WHAT THE EXERCISE ASKS:
Pictures appear among the records below and must be omitted. Repeat exactly the lines from the line with "- Untuk dapat" to the line with "黒無地を主体としその狭間に美しく艶やかな彩色豊かな小紋のコントラスト美しく", both included.

----------

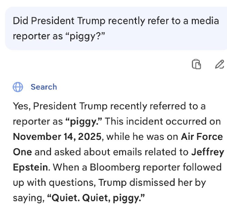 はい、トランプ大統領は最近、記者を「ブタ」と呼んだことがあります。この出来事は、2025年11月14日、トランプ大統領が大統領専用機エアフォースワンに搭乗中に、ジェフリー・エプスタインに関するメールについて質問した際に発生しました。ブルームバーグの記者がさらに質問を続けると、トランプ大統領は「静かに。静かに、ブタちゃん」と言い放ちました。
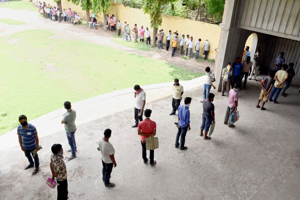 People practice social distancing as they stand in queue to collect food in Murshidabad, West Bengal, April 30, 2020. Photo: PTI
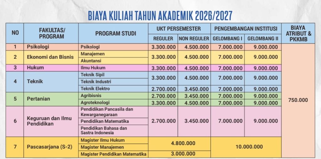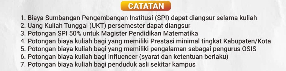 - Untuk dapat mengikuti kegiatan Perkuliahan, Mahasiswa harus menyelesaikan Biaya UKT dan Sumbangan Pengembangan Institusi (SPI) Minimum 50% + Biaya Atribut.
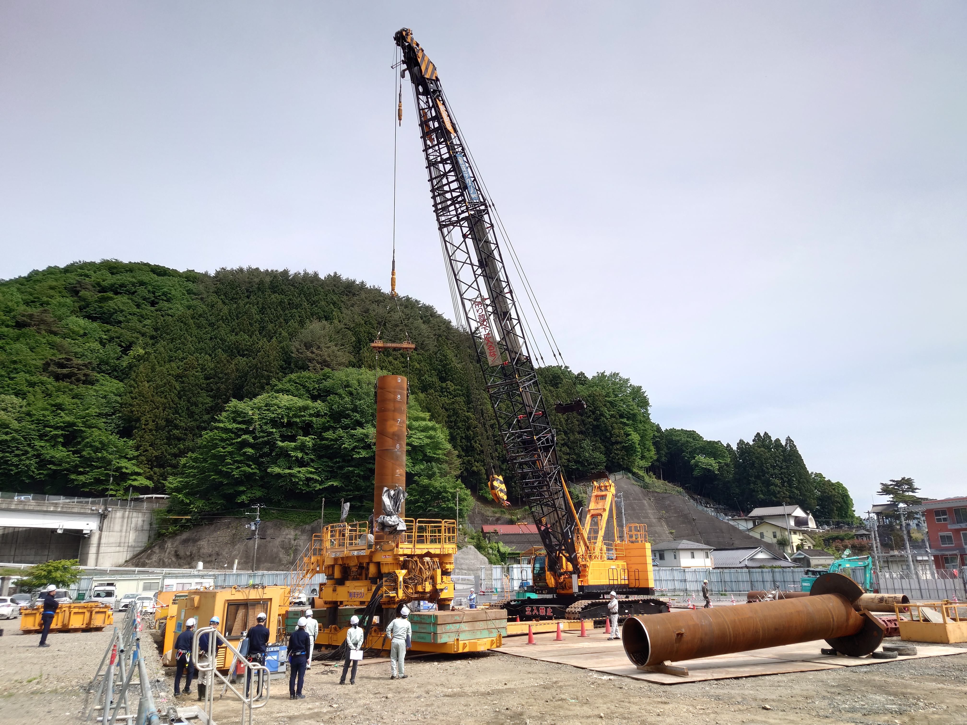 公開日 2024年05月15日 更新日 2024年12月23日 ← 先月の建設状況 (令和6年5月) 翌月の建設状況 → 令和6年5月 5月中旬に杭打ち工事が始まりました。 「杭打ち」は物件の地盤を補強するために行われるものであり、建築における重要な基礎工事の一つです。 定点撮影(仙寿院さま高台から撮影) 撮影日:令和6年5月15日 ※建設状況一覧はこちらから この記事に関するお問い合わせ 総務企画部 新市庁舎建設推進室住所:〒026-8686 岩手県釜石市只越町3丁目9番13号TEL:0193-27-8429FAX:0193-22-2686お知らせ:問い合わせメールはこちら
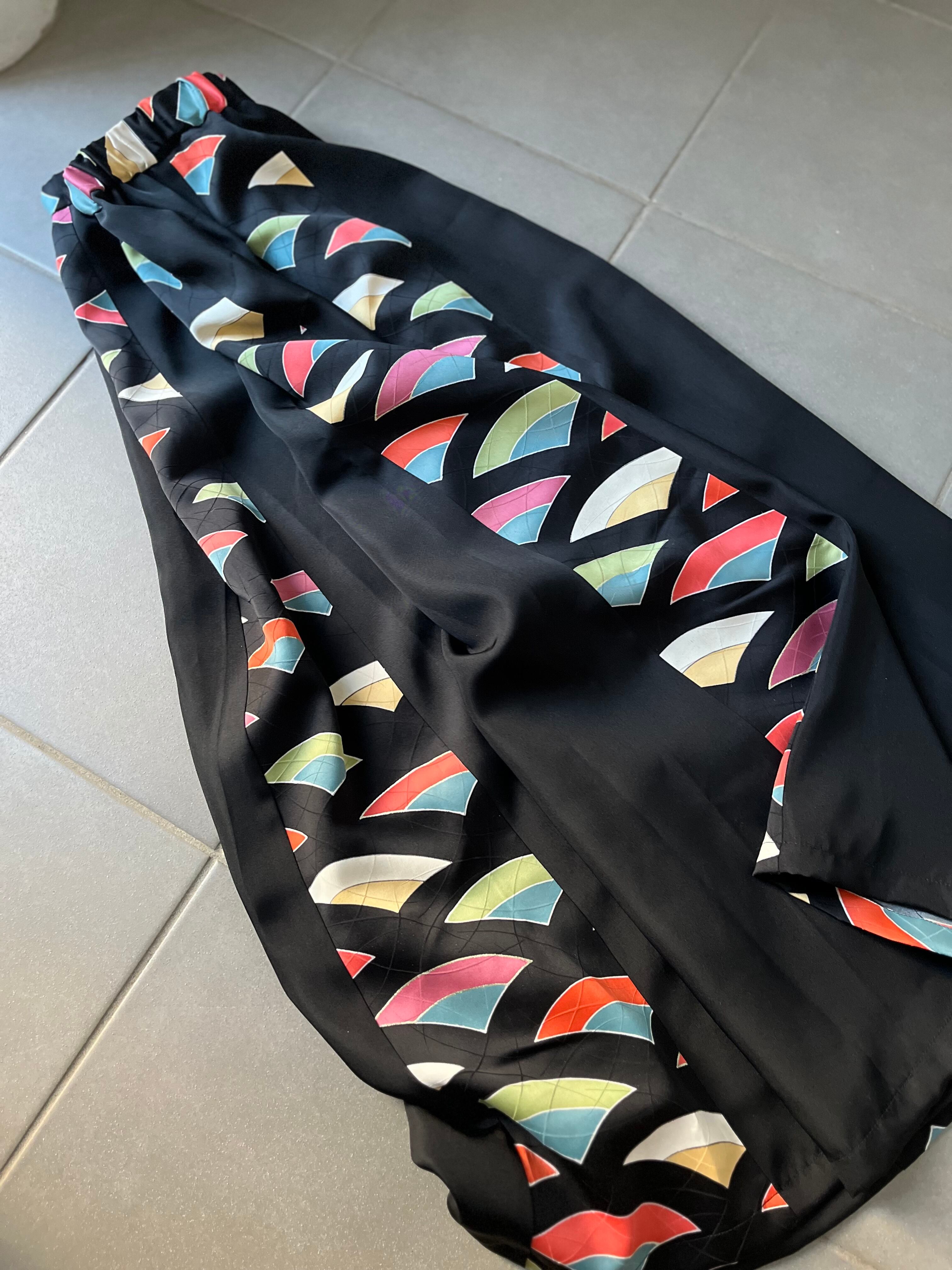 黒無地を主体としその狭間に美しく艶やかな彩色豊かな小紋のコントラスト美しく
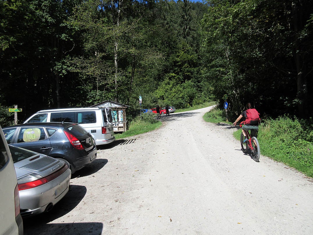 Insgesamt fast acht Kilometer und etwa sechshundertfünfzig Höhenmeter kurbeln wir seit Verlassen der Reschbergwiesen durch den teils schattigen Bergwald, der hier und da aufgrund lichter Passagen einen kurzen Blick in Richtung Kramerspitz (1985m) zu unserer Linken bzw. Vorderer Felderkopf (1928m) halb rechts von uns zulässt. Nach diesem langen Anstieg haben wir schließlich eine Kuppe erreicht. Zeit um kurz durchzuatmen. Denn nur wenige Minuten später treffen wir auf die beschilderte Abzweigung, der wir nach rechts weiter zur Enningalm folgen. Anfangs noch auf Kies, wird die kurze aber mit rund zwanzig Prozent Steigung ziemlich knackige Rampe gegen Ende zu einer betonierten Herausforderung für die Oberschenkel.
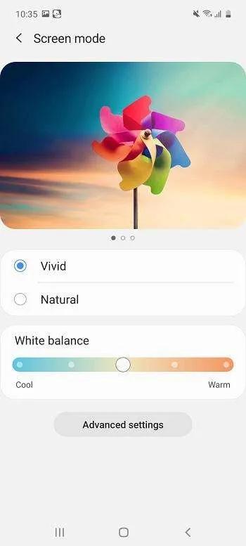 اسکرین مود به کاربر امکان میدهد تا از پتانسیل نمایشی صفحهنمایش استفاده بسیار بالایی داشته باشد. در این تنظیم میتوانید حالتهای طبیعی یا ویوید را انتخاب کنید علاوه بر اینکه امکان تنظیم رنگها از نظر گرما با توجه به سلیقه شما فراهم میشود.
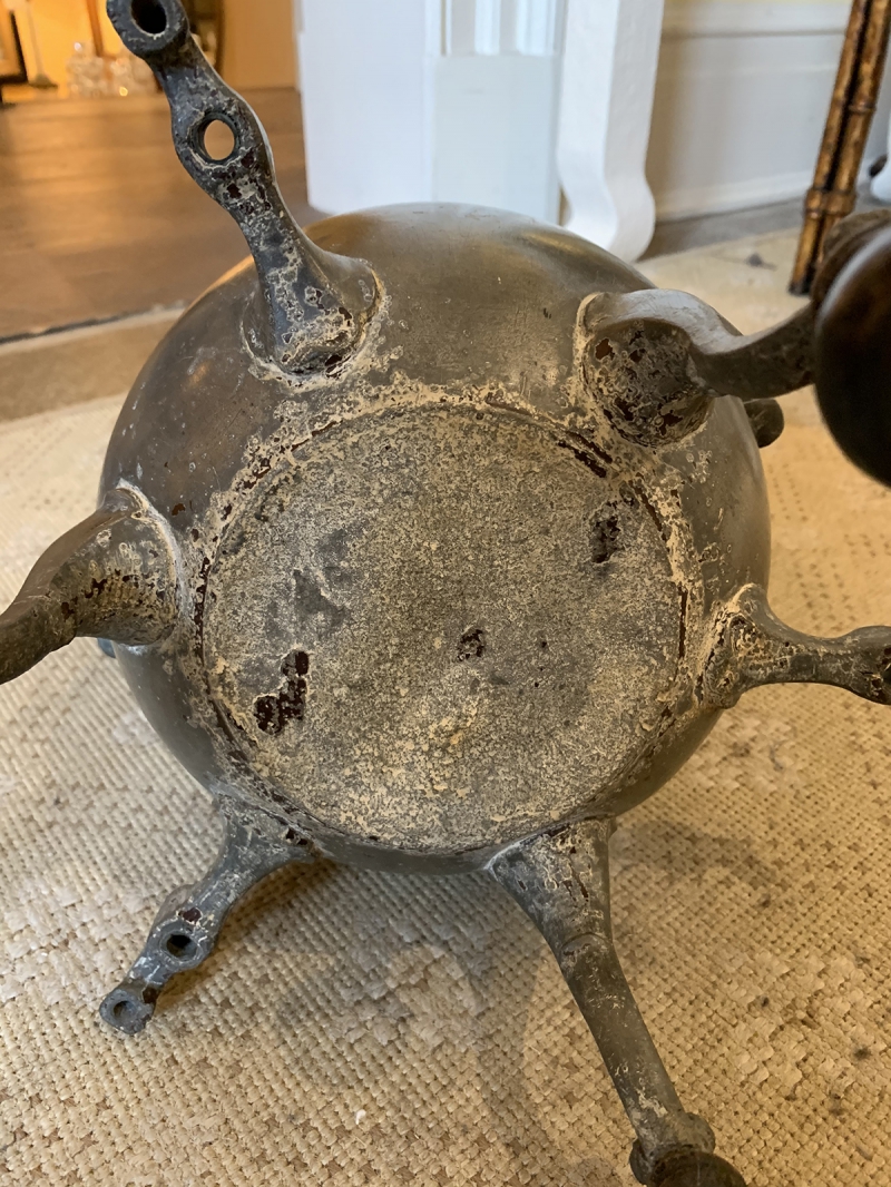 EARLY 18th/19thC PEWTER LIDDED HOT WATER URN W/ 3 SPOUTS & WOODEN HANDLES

----------

WRITTEN REPLY:
 - Untuk dapat mengikuti kegiatan Perkuliahan, Mahasiswa harus menyelesaikan Biaya UKT dan Sumbangan Pengembangan Institusi (SPI) Minimum 50% + Biaya Atribut.
 公開日 2024年05月15日 更新日 2024年12月23日 ← 先月の建設状況 (令和6年5月) 翌月の建設状況 → 令和6年5月 5月中旬に杭打ち工事が始まりました。 「杭打ち」は物件の地盤を補強するために行われるものであり、建築における重要な基礎工事の一つです。 定点撮影(仙寿院さま高台から撮影) 撮影日:令和6年5月15日 ※建設状況一覧はこちらから この記事に関するお問い合わせ 総務企画部 新市庁舎建設推進室住所:〒026-8686 岩手県釜石市只越町3丁目9番13号TEL:0193-27-8429FAX:0193-22-2686お知らせ:問い合わせメールはこちら
 黒無地を主体としその狭間に美しく艶やかな彩色豊かな小紋のコントラスト美しく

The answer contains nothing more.